2. I do agree with you that attaching the current shaded client jars to the Maven build so that they are published for use would be very beneficial. A JIRA issue (and patch!) is the way to make this happen. While describing a problem can be helpful, including the actual changes to source which you'd like to see made go a very long way.

- Josh

[1] https://www.elastic.co/blog/to-shade-or-not-to-shade

Marco Villalobos wrote:
My recommendations are this:

Provide an artifact called phoenix-client-shaded that is a shaded a jar.

Refactor the current phoenix-client-shaded into a plain ordinary maven project 
in which any standard based JSR api (such as servlet, xml) are provided scope.  
The rest of the dependencies are compile scope. Punish it in a maven repository.



On Sep 15, 2016, at 11:09 PM, Marco Villalobos<mvillalo...@kineteque.com>  
wrote:

TL;DR; Publish a non-shaded version of phoenix client to a maven repository 
because it would much easier for complex systems to utilize since it is meant 
to be used as a library.

I'll elaborate, because both approaches have their benefits when done correctly.

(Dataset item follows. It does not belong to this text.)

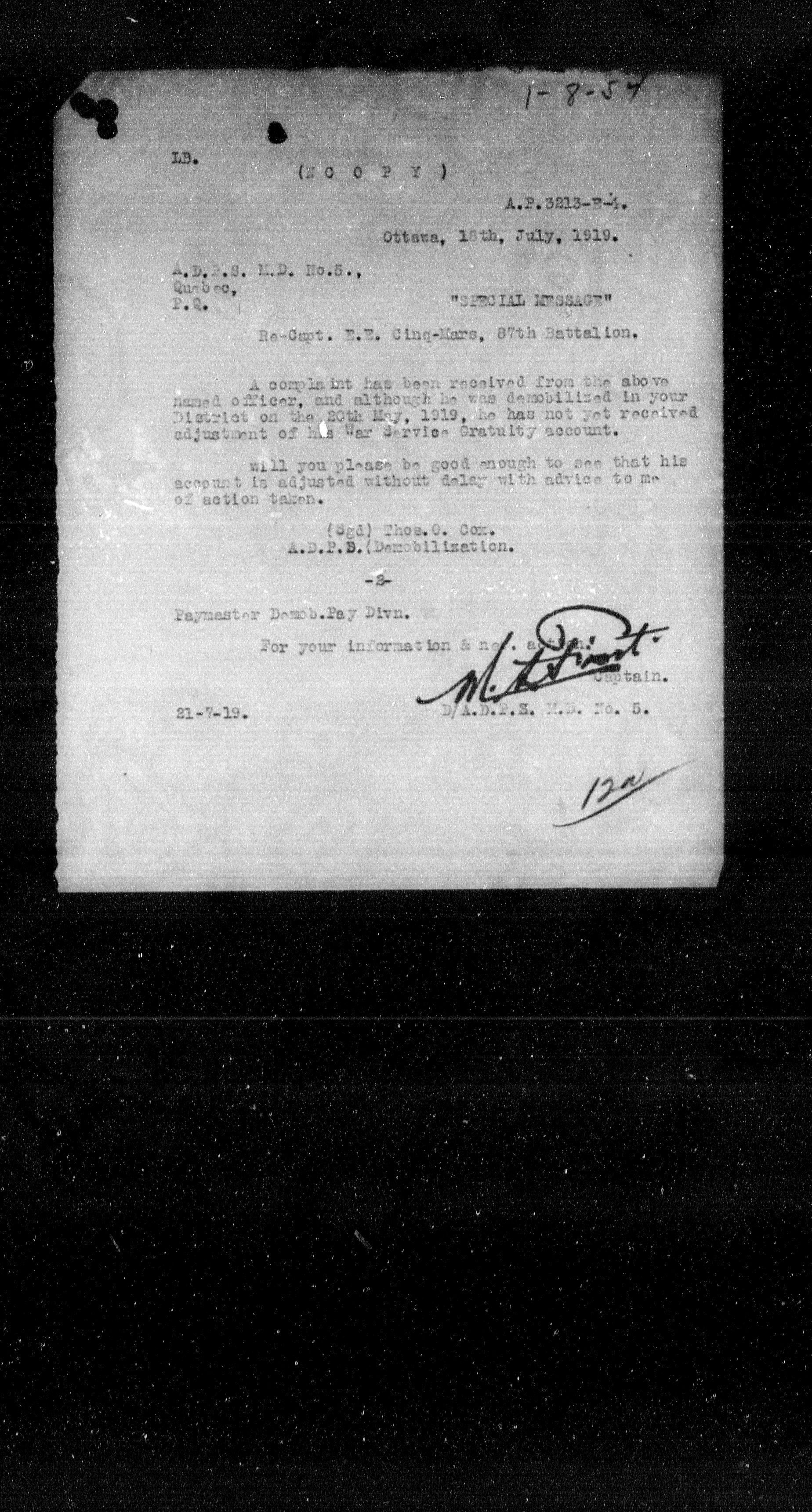 Militia and Defence personnel files [1870-1938] - 17524

I want to constructively say that it was not done correctly in this project.

CURRENTLY

Currently, the phoenix-client jar is shaded and it only repackages (changes the 
package name structure of dependencies) for some of its dependencies.
Currently, the phoenix-client jar is NOT available in the most popular maven 
repositories.

However, most organizations use a dependency management tool such as Maven, 
Ivy, or Gradle. Typically, an organize simply declares an artifact as a 
dependency.
Their build system will then pull ALL the required dependencies and package 
them in the proper location for an application.

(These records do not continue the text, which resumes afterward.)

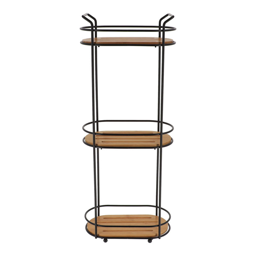 Estante de esquina con tres niveles, elaborado con una estructura metálica y baldas de bambú. Se presenta como un complemento ideal para tu hogar, adaptándose sin esfuerzo a variados ambientes y estilos decorativos. Puedes integrarla fácilmente con otros productos de la línea de bambú disponibles en nuestra tienda online.
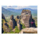 Man standing on the top of mountain on beautiful scenic clif background near Meteora monasteries in Greece. Back view, general plan
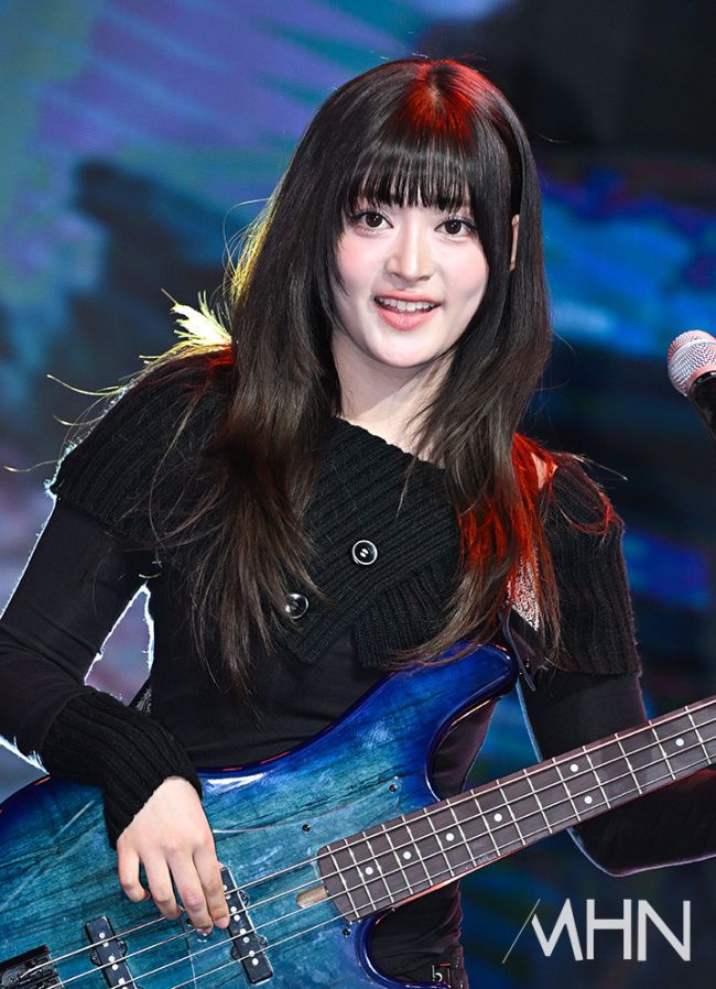 여성 밴드 레이턴시(LATENCY) 세미가 18일 오후 서울 마포구 쇼킹케이팝센터에서 진행된 첫 미니앨범 '레이트 어클락'을 발매 기념 쇼케이스에서 신곡을 선보이고 있다. 첫 미니앨범 '레이트 어클락'('LATE O'CLOCK') 타이틀 곡 제목은 팀명과 같은 'LATENCY'로 밴드가 지닌 정체성과 메시지를 가장 직관적으로 담아내며, 레이턴시의 특별한 시
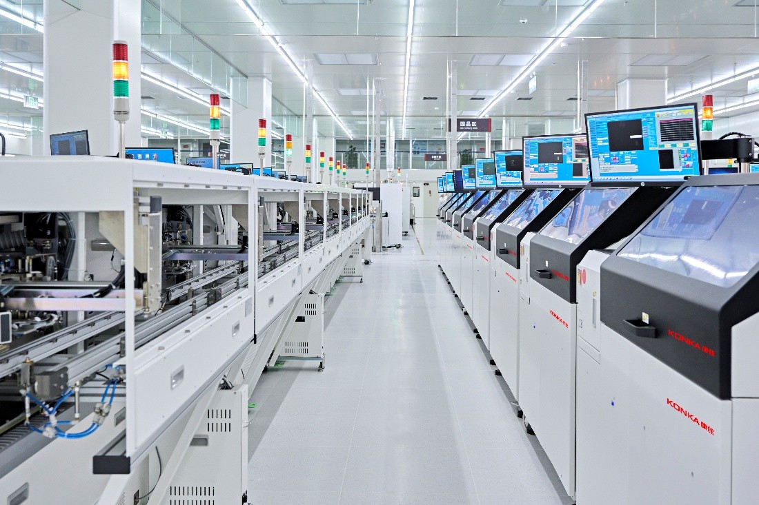 一是从全产业链技术布局来看,康佳在MiniLED领域实现了全产业链布局,从MLED外延芯片到巨量转移再到封装,掌握了核心技术自主知识产权,具备MiniLED背光电视量产实力。2022年9月重庆康佳光电正式投产,已建成Mini/Micro LED芯片量产线、Mini/Micro LED直显量产线、国内第一条全制程的巨转中试线和MLED检测中心,全面进入MLED产业化阶段。重庆康佳光电正致力于提高芯片利用率、提高巨量转移效率速度以及突破关键修补技术,以期在未来几年内降低制程成本,增加市场接受度。
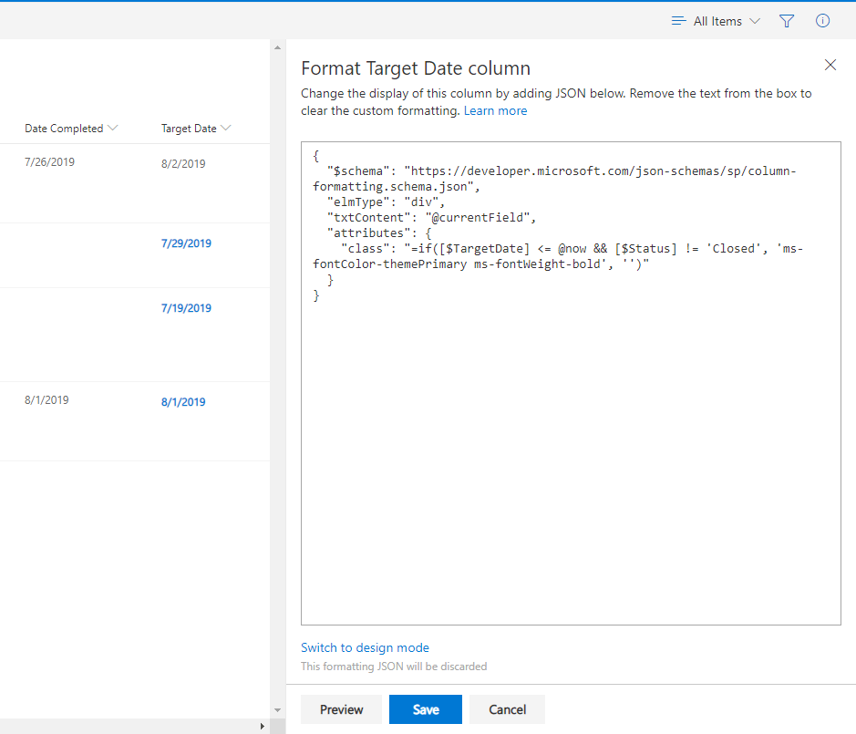 I’ll use more JSON code to highlight items that have missed their “Target Date”.
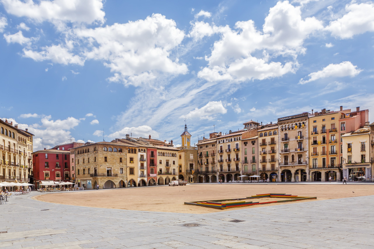 Vic, Hauptstadt von Osona. Um seine schöne Plaça Major zu bewundern, schlendern Sie zwischen den Ständen seines berühmten Marktes und probieren Sie die guten lokalen Produkte wie Fuet (Trockenwurst) und Llonganissa (Wurst).

WHAT IF CLIENT WAS PUBLISHED IN MAVEN REPOSITORY?

Now, let's say phoenix-client jar was published in a maven repository.

FIRST BENEFIT

This would help the adoption rate since it would be easier for organizations to 
integrate into their projects via dependency management.

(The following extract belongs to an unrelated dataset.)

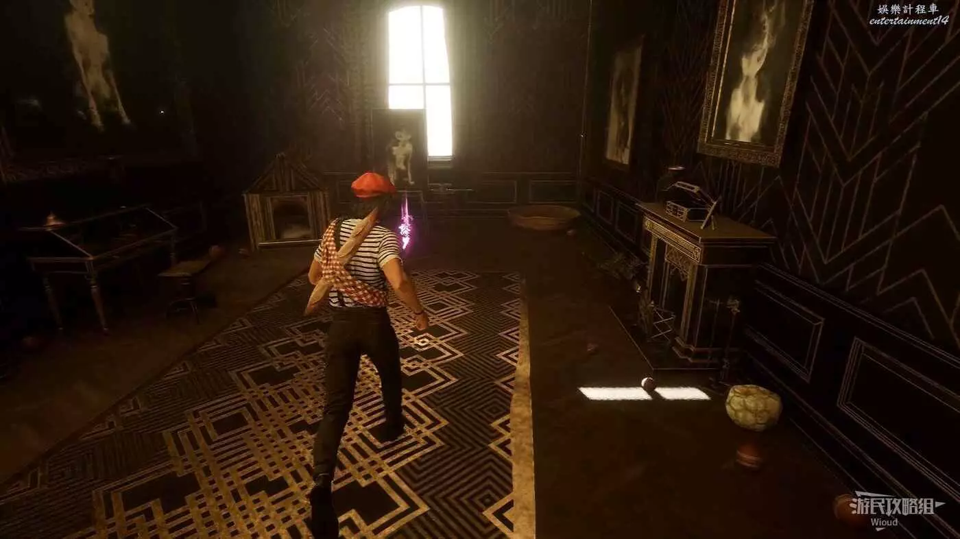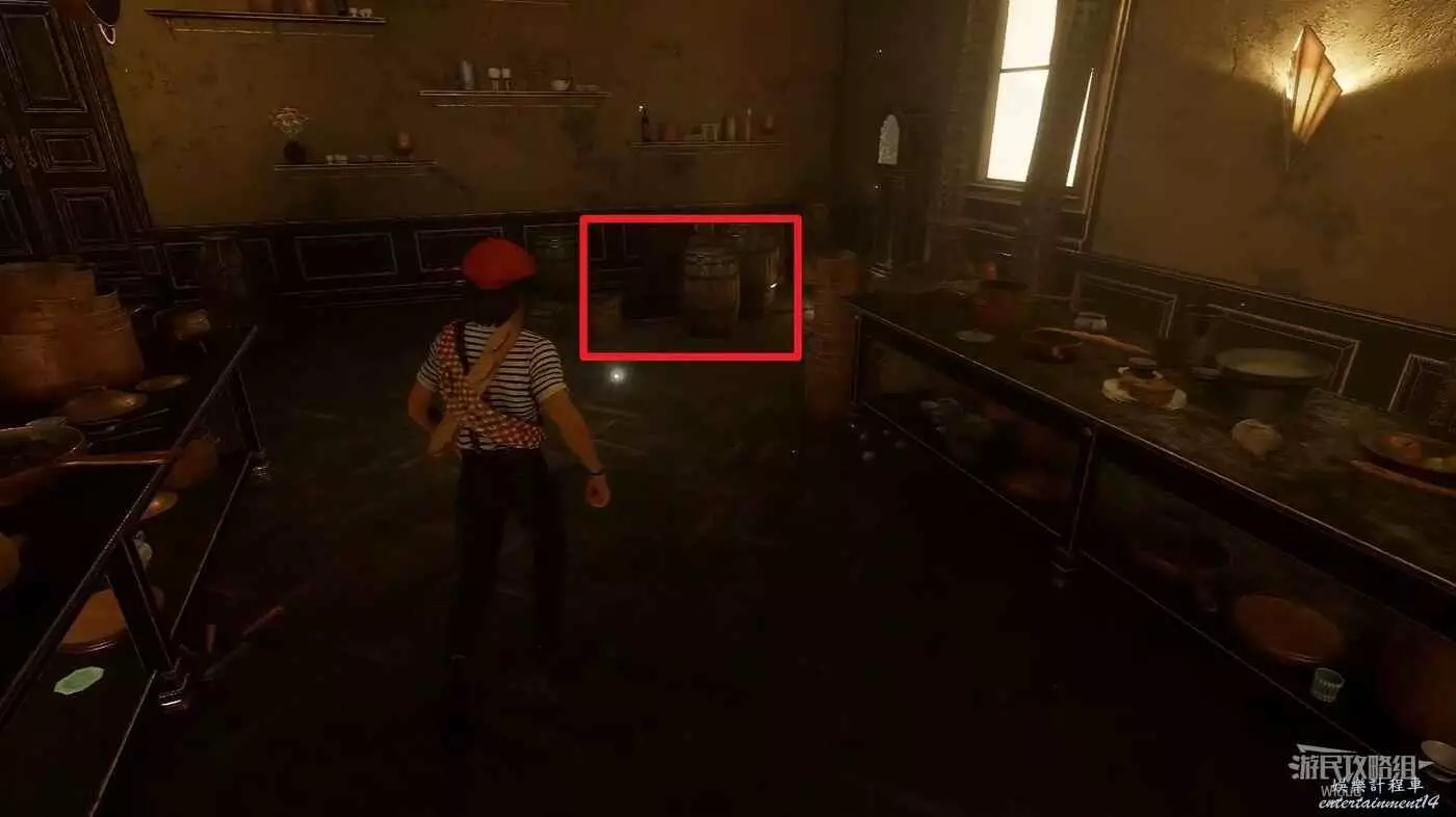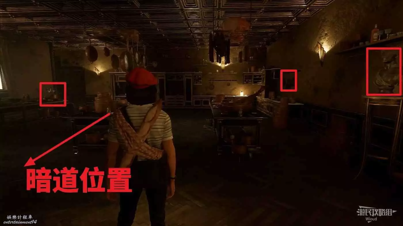 進入宅邸,傳送到一個房間,與入口右側的雕像,右牆靠前位置的平底鍋,和左側桌子上的機關互動,開啟房間入口左側角落的暗道。

BUT THERE ARE CLASS LOADING PROBLEMS BECAUSE IT SHADED

However, providing only a shaded jar has less benefit and utility, and in fact, 
probably introduces a greater chance that it will be in conflict during the 
runtime with class loading issues.

If it was not shaded then all of those runtime class loading issues disappear, 
and build tools such as maven could easily manage the required dependencies.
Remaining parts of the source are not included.